Case study: Agrivoltaics & dual-use farmland — a startup-to-enterprise scale story

Agrivoltaics, the co-location of solar photovoltaic systems and agricultural production on the same land, has evolved from a niche academic concept into a rapidly scaling commercial sector. The idea that farmland could simultaneously produce food and clean electricity was first formally proposed by Adolf Goetzberger and Armin Zastrow at the Fraunhofer Institute for Solar Energy Systems in 1981, but commercial viability remained elusive for decades. The transformation of agrivoltaics from laboratory curiosity to enterprise-scale deployment offers critical lessons for policymakers, investors, and agricultural stakeholders navigating the intersection of food security and energy transition.

Why It Matters

Global farmland is under unprecedented pressure. The United Nations Food and Agriculture Organization estimates that 12 million hectares of productive agricultural land are lost annually to degradation, while electricity demand is projected to increase 25-30% by 2035. Traditional utility-scale solar installations compete directly with agriculture for land, a tension that has generated significant political backlash in regions such as the US Midwest, parts of Germany, and Japan. Agrivoltaics resolves this conflict by enabling land to serve both purposes simultaneously, with documented land use efficiency gains of 60-70% compared to separate agricultural and solar installations.

The economic case has strengthened considerably. Fraunhofer ISE's 2025 analysis found that agrivoltaic systems generate combined revenues (crops plus electricity) of $3,200-5,800 per hectare annually, compared to $1,400-2,800 for crops alone. The Inflation Reduction Act's Investment Tax Credit provides up to 30% for solar installations, with an additional 10% bonus for projects sited on brownfields or in energy communities, and the USDA's Rural Energy for America Program (REAP) provides grants covering up to 50% of project costs for qualifying agricultural producers.
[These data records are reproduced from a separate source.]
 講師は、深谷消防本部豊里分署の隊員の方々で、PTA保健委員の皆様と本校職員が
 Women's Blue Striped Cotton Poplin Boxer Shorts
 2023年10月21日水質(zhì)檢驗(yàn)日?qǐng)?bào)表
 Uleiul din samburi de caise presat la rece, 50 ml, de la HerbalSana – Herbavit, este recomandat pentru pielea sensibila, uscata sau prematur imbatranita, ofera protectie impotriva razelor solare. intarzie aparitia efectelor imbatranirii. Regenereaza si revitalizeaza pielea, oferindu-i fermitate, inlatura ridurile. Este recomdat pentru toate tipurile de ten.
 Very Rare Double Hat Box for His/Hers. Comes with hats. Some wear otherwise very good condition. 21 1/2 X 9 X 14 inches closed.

In the European Union, the revised Common Agricultural Policy allows member states to count agrivoltaic installations toward renewable energy targets while maintaining agricultural subsidy eligibility, a policy change that has accelerated adoption across France, Germany, and Italy.
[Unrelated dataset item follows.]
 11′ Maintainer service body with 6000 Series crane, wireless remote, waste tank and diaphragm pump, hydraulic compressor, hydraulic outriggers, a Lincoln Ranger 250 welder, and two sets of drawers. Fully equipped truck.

The climate implications are substantial. A 2025 study published in Nature Energy estimated that deploying agrivoltaics on just 1% of global cropland could generate approximately 2,400 TWh of clean electricity annually, equivalent to roughly 8% of global electricity demand, while maintaining or improving agricultural productivity on the same land.

Key Concepts

Elevated Agrivoltaic Systems mount solar panels at heights of 3-5 meters above ground level, allowing conventional farming equipment to operate beneath the array. These systems, pioneered commercially in France and Japan, preserve full mechanized farming capability at the cost of higher structural expenditure. Panel spacing and tilt angles are optimized to balance light transmission for crops with electricity generation. Typical systems transmit 60-75% of incident solar radiation to the crops below, sufficient for most shade-tolerant and semi-shade-tolerant species.

Interrow Agrivoltaic Systems place standard ground-mounted solar panels in rows with wider spacing than conventional solar farms, allowing crop cultivation between the rows. While less expensive to install than elevated systems, interrow configurations reduce the cultivable area by 30-50% and limit compatible crops to those tolerant of partial shading patterns that change throughout the day and across seasons.

Crop Selection and Microclimate Effects represent perhaps the most consequential technical dimension. Solar panels create modified microclimates beneath and between arrays, reducing soil temperature by 2-5 degrees Celsius, decreasing evapotranspiration by 15-30%, and reducing wind exposure. These effects are beneficial for many crops in hot, arid conditions but detrimental for crops requiring maximum solar exposure. Research at the University of Arizona's Biosphere 2 demonstrated that certain crops, including lettuce, peppers, and tomatoes, actually increased yields by 65-100% under agrivoltaic panels in desert conditions due to reduced heat stress and water savings.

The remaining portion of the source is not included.